Prometheus Error Guide: 'remote_write 429' Server Returned

Overview

Prometheus remote_write ships samples to a remote endpoint (Mimir, Thanos Receive, Cortex, VictoriaMetrics, a vendor) over HTTP. When the receiver rejects a batch, Prometheus logs server returned HTTP status <code> <reason> and retries (for retriable codes) or drops the batch. The two you will see most are 429 Too Many Requests (the receiver is rate-limiting or applying backpressure) and 400 Bad Request (the batch is malformed or violates a receiver limit such as max label name length or out-of-order samples).

You will see this in the Prometheus log:

ts=2026-06-23T14:11:09.882Z caller=dedupe.go:112 component=remote level=warn remote_name=mimir url=https://mimir:8080/api/v1/push msg="Failed to send batch, retrying" err="server returned HTTP status 429 Too Many Requests"

The non-retriable 400 variant is dropped, not retried:

err="server returned HTTP status 400 Bad Request: received a series whose number of labels exceeds the limit"

It is a sender/receiver contract problem: the scrape and local TSDB are healthy, but data is not reaching (or is being refused by) the remote store. Backlogs build in the local WAL until the queue drains or samples expire.

Symptoms

Repeated Failed to send batch, retrying (429) or dropped-batch (400) log lines for a remote_name.
Remote-write queue metrics show a growing backlog and rising failures.
Gaps in the remote/long-term store while the local Prometheus graphs look fine.
WAL/disk growth on the sender as undelivered samples accumulate.

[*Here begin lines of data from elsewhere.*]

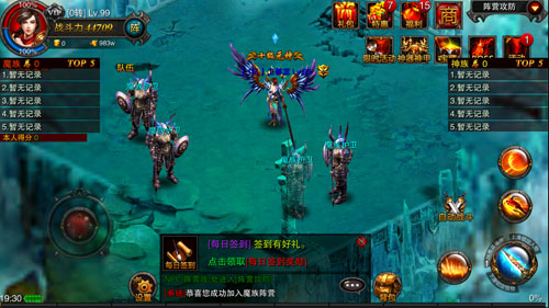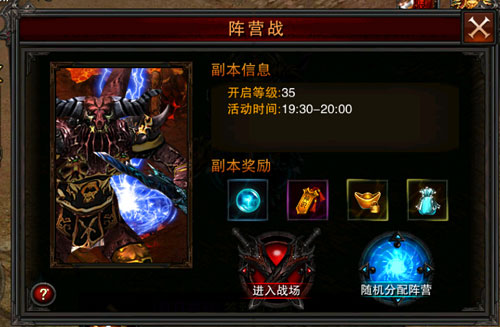 正如各位玩家所言,阵营战必将激烈空前、规模庞大,收获大量金币元宝已不在话下,万人同场屠战更是超爽热血体验!各位玩家可在每日19:00-19:30活动期间,通过土城阵营战NPC进入战场,随后经系统自动分配到对战双方——神族、魔族阵营。分配完毕,激动人心的阵营大战便即刻开始!是分批分路逐步进军歼灭敌人固有力量,还是针对最强战士持久作战攻破强力屏障,一切都由你决定!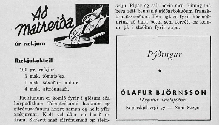 Ætli þetta sé ekki merki um stóraukin bandarísk áhrif hérlendis í kjölfar stríðsins? Elsta íslenska uppskriftin sem ég hef fundið að rækjukokkteil enn sem komið er birtist í Ægi 1956: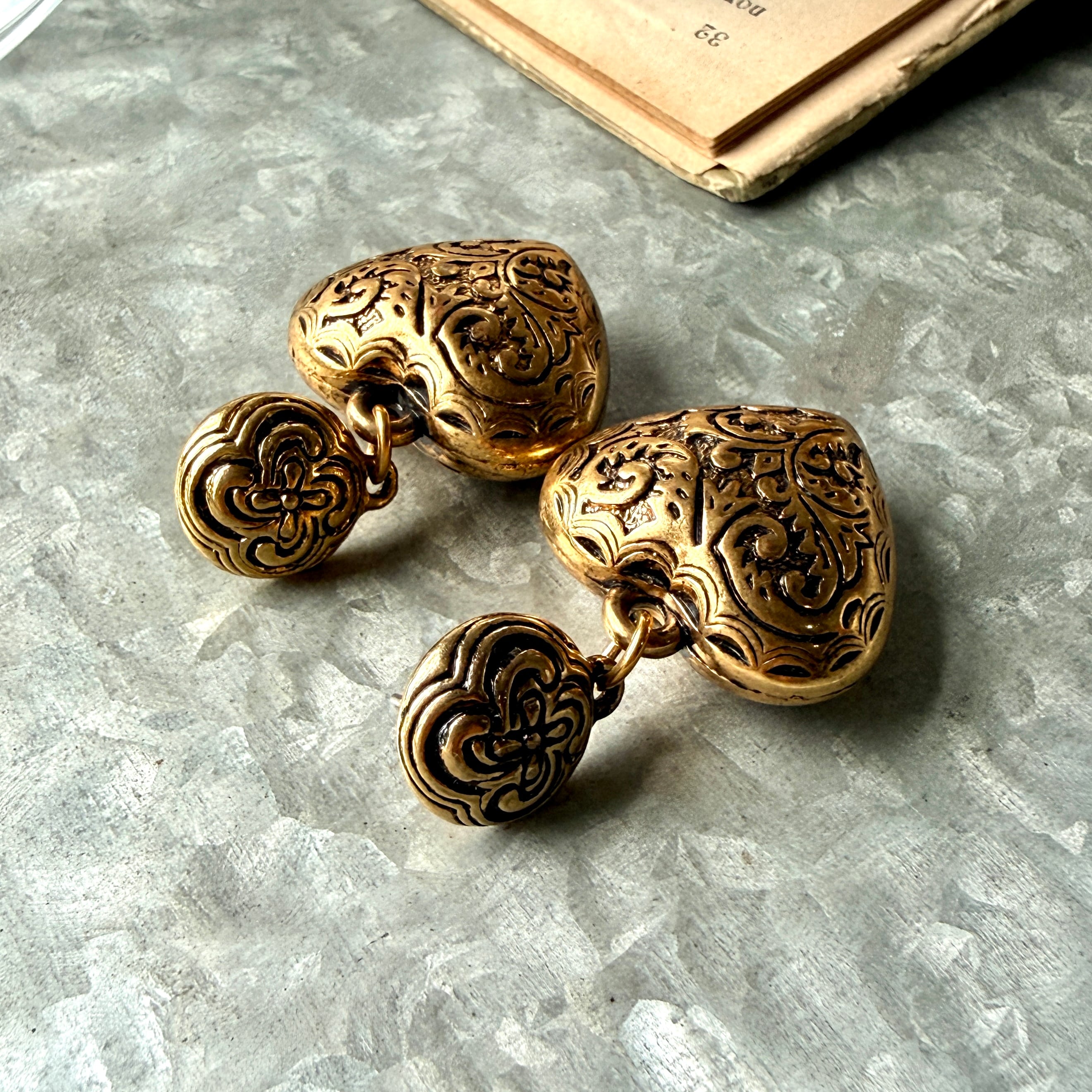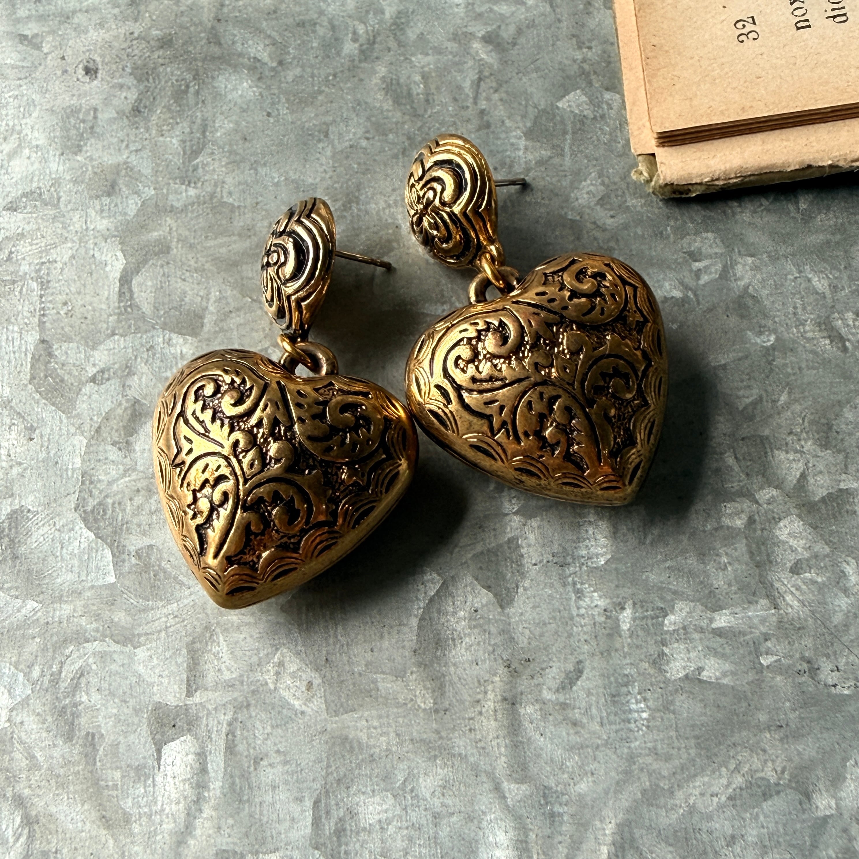 " Etched Heart " とタイトルが付いた、ゴールドトーンのハートダングルピアス。

rate(prometheus_remote_storage_samples_failed_total[5m]) > 0

prometheus_remote_storage_samples_pending

{remote_name="mimir", url="https://mimir:8080/api/v1/push"}  148221

Common Root Causes

1. Receiver rate-limiting (429) — ingestion limits exceeded

The receiver enforces a per-tenant samples/sec or series limit and returns 429 when you exceed it. Confirm the code distribution:

journalctl -u prometheus --no-pager | grep -oE 'HTTP status [0-9]+' | sort | uniq -c

   2841 HTTP status 429
     12 HTTP status 200

A flood of 429s means the remote is throttling. The fix is on the receiver (raise the tenant limit) or the sender (reduce series / shard).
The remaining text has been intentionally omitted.